Last year, Amazon donated $12 million to the National Safety Council to "invent new ways to prevent" musculoskeletal disorders. The company has rolled out workplace-safety initiatives at its warehouses, including a job-rotation program, daily stretches, and training on how to properly lift and grip.
But three University of California at San Francisco ergonomists wrote this year that Amazon's safety interventions "will not reduce risk." The ergonomists were opposing Amazon's request that it not be required to address pace-of-work hazards while the company's appeal of Washington's violations was ongoing.
The company can't expect coaching to prevent injury when Amazon workers are "performing jobs that are inherently hazardous by design," Carisa Harris Adamson, Robert Harrison, and David Rempel wrote.
"The physical demands of the work processes" at Amazon warehouses "are so high" that only equipment changes, shorter workdays, or a slower pace of work will lower the risk of injury, the professors concluded.
Amazon's appeal of Washington's workplace-safety violations is likely to take years. This month, Amazon took the additional step of suing the state, challenging how the appeals board had handled its case. Attorneys for Amazon wrote that regulators' conclusions about Amazon's workplace safety were based on "faulty and incomplete data and unreasoned risk calculations."
'Dear Mr. Clark …'
All four Amazon workers who spoke with Insider on the record said they felt compelled to try to convince the company to change its practices and protect workers, even at the risk that Amazon could retaliate against them.
Allee and Troit still work for Amazon, though Allee said she suspected she might be fired soon for failing to make rate. (Amazon said it's looking into the experiences of Allee and Troit.)
Takakura was fired from Amazon in mid-September for exceeding his allowance of unpaid time off. He had taken time off to wait for the results of a COVID-19 test in July — under a previous Amazon policy, those hours wouldn't have counted toward his time-off allowance, but Amazon changed its policy earlier this year. Takakura said he had been unaware.

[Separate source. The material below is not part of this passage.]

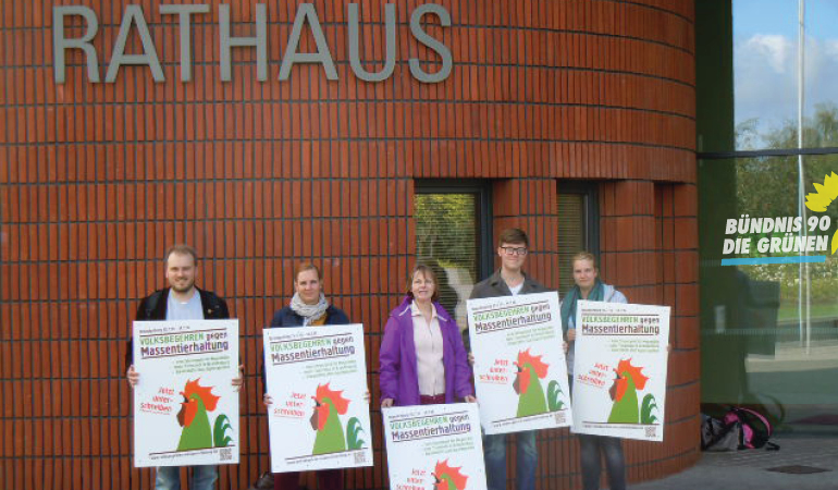Noch bis zum 14. Januar läuft das Volksbegehren gegen Massentierhaltung. Am Montag waren die Hennigsdorfer Grünen im Rathaus, um es zu unterschreiben. Dazu Petra Röthke-Habeck, Fraktionsvorsitzende in der SVV: "Immer mehr Menschen bewegt die Art und Weise, wie unsere Lebensmittel hergestellt werden. Das Volksbegehren soll dabei helfen, eine gesellschaftliche Debatte über die Zukunft der Landwirtschaft in Gang zu bringen." Die Hennigsdorfer Grünen erlebten, dass das Thema auch in Hennigsdorf diskutiert werde und rufen alle Hennigsdorferinnen und Hennigsdorfer auf, ins Rathaus zu gehen und ebenfalls zu unterschreiben. "In den kommenden Wochen werden wir zur Unterstützung des Volksbegehrens auch Plakatieren und Flyer verteilen. Diese Landesregierung braucht immer wieder den Druck der Volksgesetzgebung, damit sie sich bewegt", ergänzt Anja Senger, Sprecherin des Ortsverbandes. Das gelte auch für das zweite aktuell laufende Volksbegehren gegen eine dritte Startbahn am Flughafen BER. Zwar sei Hennigsdorf nicht direkt betroffen, dennoch sei es geboten, nicht noch in eine dritte unrentable und aus Klimaschutzgründen ebenfalsl abzulehnende Startbahn zu investieren.

An Amazon representative said Takakura received warnings about his negative time-off balance before being fired. Takakura said he had spoken with his manager about the negative balance and believed the company was working to resolve the issue, so he ignored the automated warnings he received.
"I gave two years to this company, got injured at this company, and for them to fire me like that? It's insulting," he said. He doesn't know where he'll work next.
Williams is working toward her MBA. For an English-composition class last term, Williams wrote several papers about Amazon's high injury rates. One was a letter to Amazon's warehouse CEO at the time, Dave Clark.
"Dear Mr. Clark," the letter began. "I would first like to say that I enjoyed working for your company. I had never had a job that afforded me so much flexibility when I needed last-minute time off."
It continued: "The one downside to working for the Amazon Warehouse in DuPont, Washington (BFI3) is the amount of injuries that I have sustained while I was employed there."
Williams says she knows how Amazon could reduce its injury rate: "Stop making people rush."
"But then, you know, I love my Prime," she said. "I love my one-day shipping. To get stuff out like that, people have to be moving really fast."